I went into Visaranai (English: Interrogation) expecting just one story (because I’ve read as little as possible about the film before seeing it) and was surprised and delighted to find two; the second being much more complex than the first. Eventually, you’ll see the characters from the first getting involved in the second, in ways you’ll never imagine. It gets so complicated that you almost forget how it all began. But I believe these things happen and in fact, this story is based on true events. It all seems very plausible. Tamil filmmaker Vetrimaaran belongs to the new breed of serious filmmakers who excel at depicting the dark and ugly side of society. They have no interest in selling you fancy, predictable and syrupy nonsense. They are here to show you the stark reality as it is and they don’t pull any punches.

Do not get comfortable. Do not expect to see a masala film where everything is going to work out the way you want them to. Do not expect to be satisfied by an upbeat ending that’ll make you forget all your troubles instantly. No, this isn’t that film. In fact, this is a film that makes you aware of the fact that no one is safe and that this can happen to you as well, regardless of your economic status. Normally stories like these deeply upset me but this one didn’t, despite its disturbing premise. However, it made me angry and made me think, for a long while. It manages to remind you, oddly, that your troubles are nothing compared to what some people go through – people just like the characters you’ve witnessed on screen.

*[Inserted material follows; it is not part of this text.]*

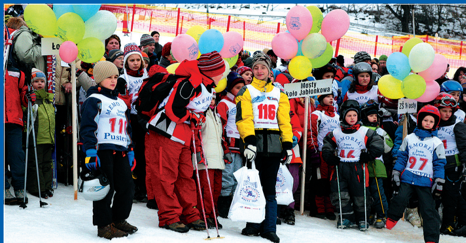
Inauguracja 37. Zjazdu Gwiazdzistego

You thought you were having a bad day? Nah, you are just exaggerating.


The first half of the film is based on the novel Lock Up by a former auto-rickshaw driver named M.Chandrakumar, in which he recounts a harrowing ordeal inside a police station in the past. The two stories are separated by the intermission and in the second half, you see them fuse in an intriguing fashion. The characters from both cross paths in the opening scene. In the first, we see three innocent Tamilian workers getting picked up for a crime they didn’t commit and then getting brutally assaulted in a police station for several days. These torture scenes are unflinchingly real and hard-hitting. The sound of lathis falling on their bare skin and the aftermath on their faces and bodies are all too real. These scenes are not easy to watch. Just when you think you’ve been spared one session, comes another and then another. They have no clue why they are being tortured like this. It’s almost a Kafka-esque situation. They just happened to be in the wrong place at the wrong time.

The police inspector just got back from a pilgrimage tour and next thing you see him doing is mercilessly beating the accused after stripping them half-naked. Only holy activity is followed by an unholy one. Finally told what they are being accused of. Confess and this will stop, they are told. They protest and the beatings continue. Eventually, you are spared, just as they are are, when the second storyline comes to the rescue. But then a different kind of hell takes over. If the first half was a police procedural, the second half is a conspiracy thriller. But you still get to see some elements from the first repeating again but with different characters and in a much lesser capacity. What you see now is the Indian equivalent of a Sidney Lumet-style police corruption drama. More nasty characters, more suspense. You have trouble finding at least one sympathetic face. It’s hard to distinguish the police from the mafia.


They sit and scheme and carry out killings just like the mafia does. Everyone is a pawn and everyone has to follow orders. And the indifference with which they carry them out boggles your mind. By a cruel twist of fate, the poor souls from the first story are now trapped in the second and they can’t get out. They go through a series of unfortunate events that seems to have no end. One of them remarks that they would’ve been better off had they confessed to that crime and spent a few months in jail. We nod our heads because we agree with him. Surely that would’ve been heaven compared to what they are going through now. This is much, much worse. The real nightmare has only begun. Fate doesn’t seem to be very kind to them. “What did they do in their past lives to deserve such a fate?”, you ask. They feel completely powerless and helpless and you seriously start to worry about the outcome and hope things work out well for them.

 Visaranai is a film that seems to reinforce the paradox that today people have more to fear from cops than they do from anti-social elements. Its bitter cynicism reminded me of the films of Costa-Govras. It is one among a handful of films that come once in every ten years or twenty years with a strong message and leave you with an earth-shattering impact. You later find yourself in a euphoric state and thank the cinema gods for producing a filmmaker like Vetrimaaran and you ask yourself why more filmmakers in India weren’t like him. This film is a rarity in Indian cinema. It ticks all the right boxes: tight plotting, even pacing, nail-biting sequences and honest performances. Very few Indian films get all these right at once. Films of this sort come only once in a while and you relish them as if you won’t see something like it ever again.